(Data records)
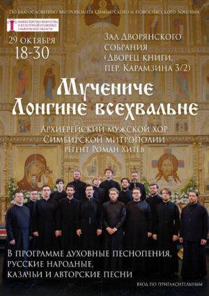 По благословению Митрополита Симбирского и Новоспасского Лонгина в Ульяновске пройдут два концерта Архиерейского мужского хора Симбирской митрополии. В среду 29 октября, в день тезоименитства Владыки, в Зале Дворянского собрания (областной научной библиотеки) в 18-30 будет представлена концертная программа «Мучениче Лонгине всехвальне». Прозвучат духовные песнопения, народные, казачьи, военные песни и популярные сочинения. Второй концерт с этой же программой состоится в пятницу 7 ноября в 18-00 в Заволжье, ДК «Руслан». Вход по пригласительным. |
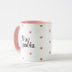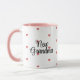 Cute mug with red hearts all-over design. Text fully customizable (also for mom, dad, grandpa, etc.) Perfect gift for the (new) Grandma from her grandchildren, granddaughter or grandson. Coffee, tea mug for the whole family. We love you, Grandma - custom text, change as you want. Also change inside color of mug as it fits. Grandpa version available, too. Designed by Best Baby Gifts - given with love.
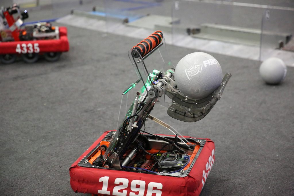 In the 2016 season, both 3310 and 1296 realized that being able to go under the low bar was an essential objective to getting the Rank Point objective, and as such designed to go under the low bar. At the same time though, both robots also took a minimalist approach to robot design, a photo of 1296 barely bigger than a boulder prominent in most Texans (and strategists) minds.
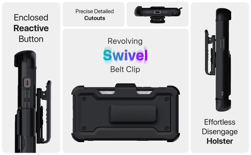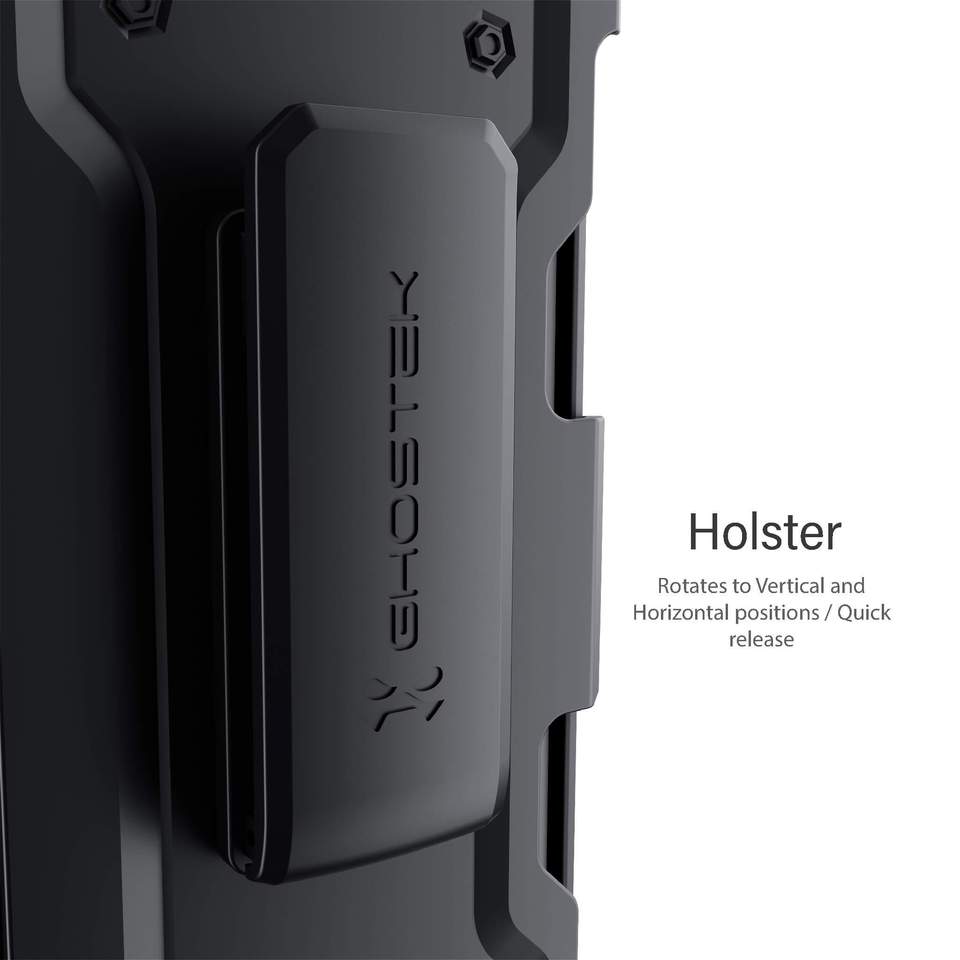 Keep your iPhone safe, secure, and close at hand with the premium IRON ARMOR iPhone belt clip case. With a built-in credit card holder, holster with a swivel belt clip, this iPhone heavy-duty case offers convenience and style all in one case. The case comes in a grippy matte design with 360-degree protection. On the front, you’ll find a raised bezel bumper to protect the Super Retina XDR display screen. The phone case is made with a durable polycarbonate frame and has two built-in kickstands (1 on the case, 1 in the belt clip). This iPhone kickstand case is built with a rugged dual-layer construction which gives it additional drop and shockproof protection. Overall, the case is rated to withstand drops from 12FT and has been military-grade standard drop tested. If you are looking for a premium belt clip case with functionality and military protection, you’ve found it with our Iron Armor Series! Super Durable Dual Layer Design Heavy Duty Shockproof Protection Two Built-in Adjustable Kickstands Convenient Slot Fits 1 Credit Card Swivel Belt Clip Holster Included Comfortable Anti-Slip Hand Grip Raised Camera Lens Perimeter Lifted Bumper Lip to Protect Display Military Grade Standard Drop Tested Withstands Drops from 12 Feet Supports Wireless Charging Face ID Unlock Compatible Materials Thermoplastic (TPU) Polycarbonate (PC)
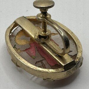 Vintage Geisha Earrings Clip On Twist On Hand Painted Gold Oval Earrings.
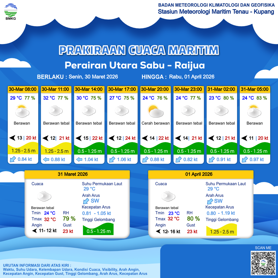 30 Mar 26, 18.00 3 jam kedepan | Timur 12 kt Gust Peningkatan kecepatan angin yang singkat dan tiba-tiba : 21 kt | 1.2 m Rendah | Barat Daya 0.9 Knots | 23 °C | 80 % | |
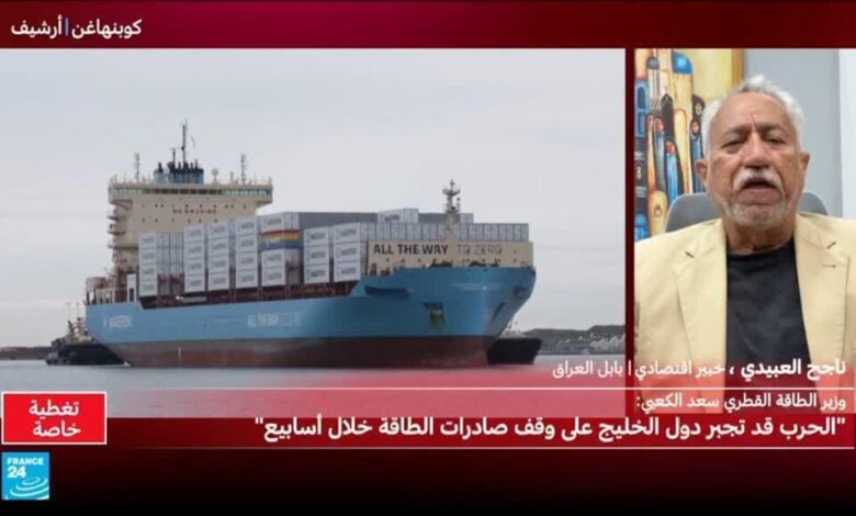 قالت فاينانشال تايمز نقلا عن وزير الطاقة القطري: نتوقع ارتفاع أسعار الغاز إلى 40 دولارا لكل مليون وحدة حرارية بريطانية، وأسعار النفط قد ترتفع إلى 150 دولارا للبرميل خلال أسبوعين إلى ثلاثة أسابيع، وقالت إن قطر تحذر من أن الحرب ستجبر دول الخليج على وقف صادرات الطاقة في غضون أسابيع. وقال وزير النقل الفرنسي فيليب تابارو الجمعة إن نحو 50 سفينة فرنسية عالقة حاليا في مياه الخليج، وثماني سفن أخرى في البحر الأحمر، في الوقت الذي تسعى فيه باريس إلى حشد الدعم لتشكيل تحالف دولي لتأمين حركة الملاحة في المنطقة.
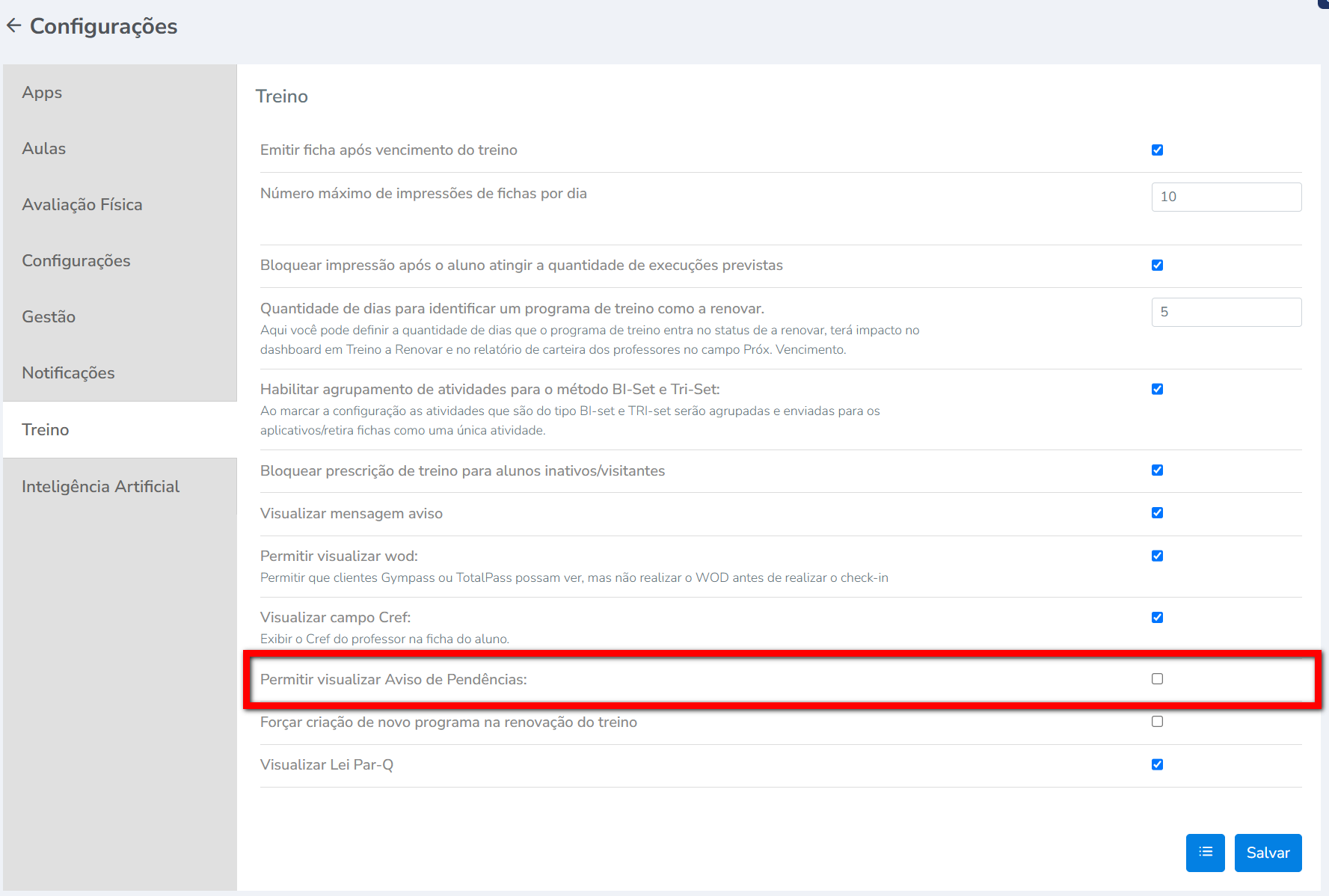 4. Marque a opção "Permitir visualizar Aviso de Pendências" e, em seguida, clique em "Salvar";
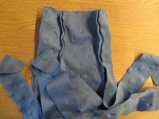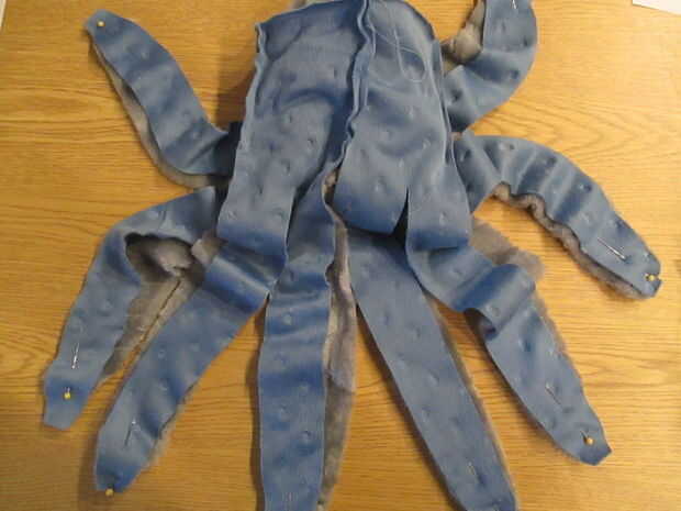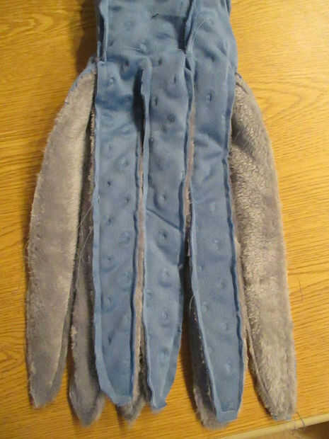 Yo coser 4 sets de azul brazos juntos, luego deslizar sobre el cuerpo gris, para que se toquen los lados del derecho del tanto en tela.
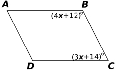 8. The figure below is a parallelogram with two angles given in terms of x. Determine the value of x.
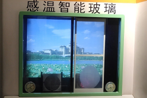感温智能玻璃可以通过温度的改变,来调节对红外线的感应度,在感温智能玻璃的小屋当中有两种场景,分别是冬季和夏季。观众可以通过操纵按纽来进行调节,在橱窗当中有一面感温智能玻璃,它通过红外线灯的照射之后会变成模糊的状态,这样可以把高温阻挡在室外使室内保持平稳的一个温度。
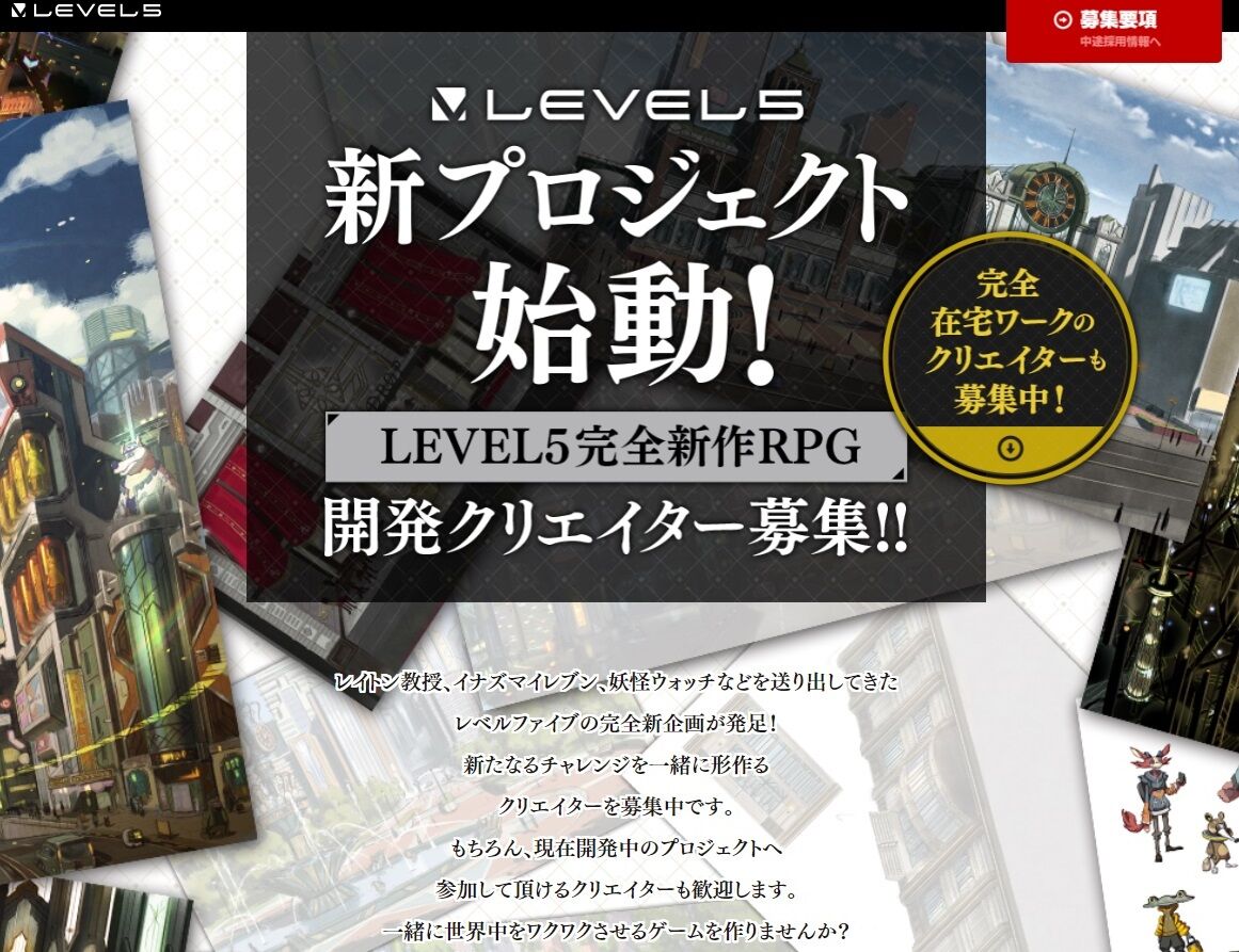 レベルファイブが新プロジェクト始動!「完全新作RPG」 2021/7/8 Y速報 " " 1: 2021/07/07(水) 17:49:36.93 ID:1dFcRusL00707 開発クリエイター募集中! https://www.level5.co.jp/recruit/career/new/ 続きを読む Source: Y速報

▶ **Task to carry out**: Apart from the images, every line above needs to be printed again exactly.

▶ **Response to this task**:
 По благословению Митрополита Симбирского и Новоспасского Лонгина в Ульяновске пройдут два концерта Архиерейского мужского хора Симбирской митрополии. В среду 29 октября, в день тезоименитства Владыки, в Зале Дворянского собрания (областной научной библиотеки) в 18-30 будет представлена концертная программа «Мучениче Лонгине всехвальне». Прозвучат духовные песнопения, народные, казачьи, военные песни и популярные сочинения. Второй концерт с этой же программой состоится в пятницу 7 ноября в 18-00 в Заволжье, ДК «Руслан». Вход по пригласительным. |
 Cute mug with red hearts all-over design. Text fully customizable (also for mom, dad, grandpa, etc.) Perfect gift for the (new) Grandma from her grandchildren, granddaughter or grandson. Coffee, tea mug for the whole family. We love you, Grandma - custom text, change as you want. Also change inside color of mug as it fits. Grandpa version available, too. Designed by Best Baby Gifts - given with love.
 In the 2016 season, both 3310 and 1296 realized that being able to go under the low bar was an essential objective to getting the Rank Point objective, and as such designed to go under the low bar. At the same time though, both robots also took a minimalist approach to robot design, a photo of 1296 barely bigger than a boulder prominent in most Texans (and strategists) minds.
 Keep your iPhone safe, secure, and close at hand with the premium IRON ARMOR iPhone belt clip case. With a built-in credit card holder, holster with a swivel belt clip, this iPhone heavy-duty case offers convenience and style all in one case. The case comes in a grippy matte design with 360-degree protection. On the front, you’ll find a raised bezel bumper to protect the Super Retina XDR display screen. The phone case is made with a durable polycarbonate frame and has two built-in kickstands (1 on the case, 1 in the belt clip). This iPhone kickstand case is built with a rugged dual-layer construction which gives it additional drop and shockproof protection. Overall, the case is rated to withstand drops from 12FT and has been military-grade standard drop tested. If you are looking for a premium belt clip case with functionality and military protection, you’ve found it with our Iron Armor Series! Super Durable Dual Layer Design Heavy Duty Shockproof Protection Two Built-in Adjustable Kickstands Convenient Slot Fits 1 Credit Card Swivel Belt Clip Holster Included Comfortable Anti-Slip Hand Grip Raised Camera Lens Perimeter Lifted Bumper Lip to Protect Display Military Grade Standard Drop Tested Withstands Drops from 12 Feet Supports Wireless Charging Face ID Unlock Compatible Materials Thermoplastic (TPU) Polycarbonate (PC)
 Vintage Geisha Earrings Clip On Twist On Hand Painted Gold Oval Earrings.
 30 Mar 26, 18.00 3 jam kedepan | Timur 12 kt Gust Peningkatan kecepatan angin yang singkat dan tiba-tiba : 21 kt | 1.2 m Rendah | Barat Daya 0.9 Knots | 23 °C | 80 % | |
 قالت فاينانشال تايمز نقلا عن وزير الطاقة القطري: نتوقع ارتفاع أسعار الغاز إلى 40 دولارا لكل مليون وحدة حرارية بريطانية، وأسعار النفط قد ترتفع إلى 150 دولارا للبرميل خلال أسبوعين إلى ثلاثة أسابيع، وقالت إن قطر تحذر من أن الحرب ستجبر دول الخليج على وقف صادرات الطاقة في غضون أسابيع. وقال وزير النقل الفرنسي فيليب تابارو الجمعة إن نحو 50 سفينة فرنسية عالقة حاليا في مياه الخليج، وثماني سفن أخرى في البحر الأحمر، في الوقت الذي تسعى فيه باريس إلى حشد الدعم لتشكيل تحالف دولي لتأمين حركة الملاحة في المنطقة.
 4. Marque a opção "Permitir visualizar Aviso de Pendências" e, em seguida, clique em "Salvar";
 Yo coser 4 sets de azul brazos juntos, luego deslizar sobre el cuerpo gris, para que se toquen los lados del derecho del tanto en tela.
 8. The figure below is a parallelogram with two angles given in terms of x. Determine the value of x.
感温智能玻璃可以通过温度的改变,来调节对红外线的感应度,在感温智能玻璃的小屋当中有两种场景,分别是冬季和夏季。观众可以通过操纵按纽来进行调节,在橱窗当中有一面感温智能玻璃,它通过红外线灯的照射之后会变成模糊的状态,这样可以把高温阻挡在室外使室内保持平稳的一个温度。
 レベルファイブが新プロジェクト始動!「完全新作RPG」 2021/7/8 Y速報 " " 1: 2021/07/07(水) 17:49:36.93 ID:1dFcRusL00707 開発クリエイター募集中! https://www.level5.co.jp/recruit/career/new/ 続きを読む Source: Y速報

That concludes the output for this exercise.